For electronics retailers, married couples and homeowners become increasingly important during the peak holiday shopping period. Their share in the category’s captured market rises consistently each December, indicating that campaigns emphasizing household upgrades, family entertainment, and quality-of-life improvements may resonate most effectively in late Q4.
In contrast, beauty retailers – typically buoyed by young professionals – see their audience composition shift towards suburbia during the holidays. In December, the share of wealthy suburban families in beauty retailers’ captured markets grows meaningfully, while the share of young professionals declines. Advertisers can capitalize by highlighting premium bundles, limited-edition sets, and gifting options that speak directly to these households’ desire for premium, family-oriented products.
> Off-price and luxury retailers maintained strong performance during major retail milestones, but beauty and electronics stand out as rising opportunities for the 2025 holiday season.
> As holiday demographics shift during the holiday season – with electronics drawing more married homeowners and beauty attracting wealthier suburban families – campaigns that reflect these audiences’ lifestyles and priorities will resonate most.
Timing is also a decisive factor in retailer and advertiser success during the holiday season.

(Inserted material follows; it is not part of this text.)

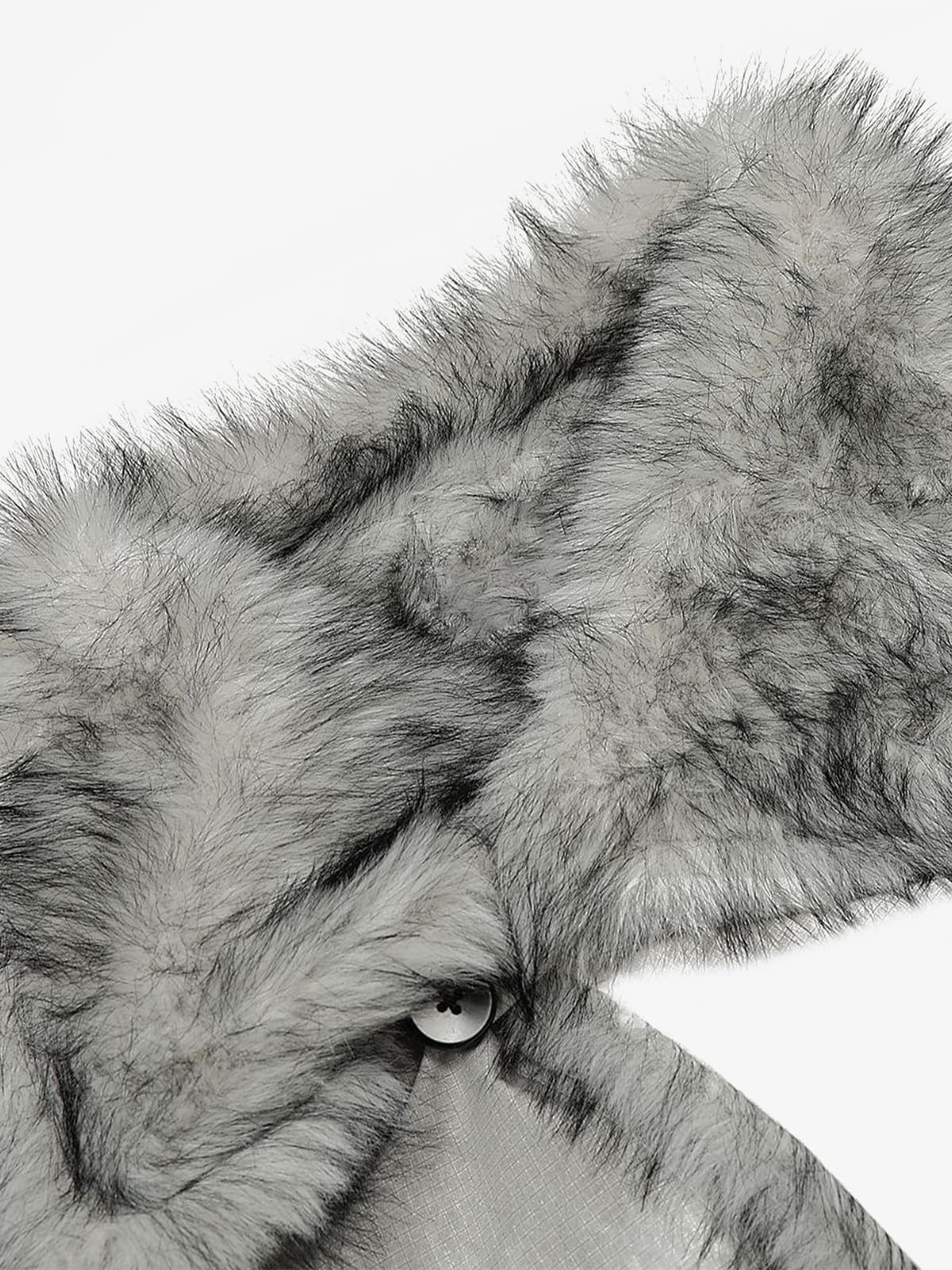 Vintage Dirty Dyed Washed Faux Fur Collar Padded Jacket

Traditionally, the “core” holiday retail period begins with Black Friday and continues until Christmas Eve. But in 2024, there was one fewer week between these two milestones compared to the previous year. And to compensate, many retailers launched an “early” holiday season, rolling out promotions in October and early November to maximize consumer engagement.
As the graph below shows, the shorter “core” season of 2024 unsurprisingly drew less in-store traffic across retail categories than the longer period the year before. Yet by embracing early promotions, retailers offset much of this shortfall, leading to overall holiday season results that, in many cases, matched or even exceeded 2023’s performance.
Looking ahead, 2025 once again brings a compressed “core” shopping window. And with shipping disruptions still influenced by shifting tariff regulations, more consumers may turn to brick-and-mortar stores earlier in the season to ensure timely purchases – further supporting offline traffic.
If retailers and advertisers double down on early-season engagement while continuing to drive momentum through the “core” weeks, YoY traffic for the 2025 holiday season could deliver even bigger overall gains than those seen in 2024.
> Last year, early holiday promotions helped offset a shorter core holiday season.
> In 2025, retail and advertising professionals are again faced with a relatively short core shopping season. And aware of the condensed timeline and shipping disruptions, more shoppers may opt for early in-store purchases to avoid the risk of delayed deliveries.
This holiday season will reward advertisers and retailers who recognize the growing retail divide and tailor their messaging to the shoppers most likely to visit during the holidays – whether married homeowners on the hunt for electronics or affluent suburban families seeking beauty products. As in 2024, acting early to offset a shorter core shopping period will be essential to capturing demand. And those who combine sharp timing with audience insight will be best positioned to turn a complex season into a strong finish.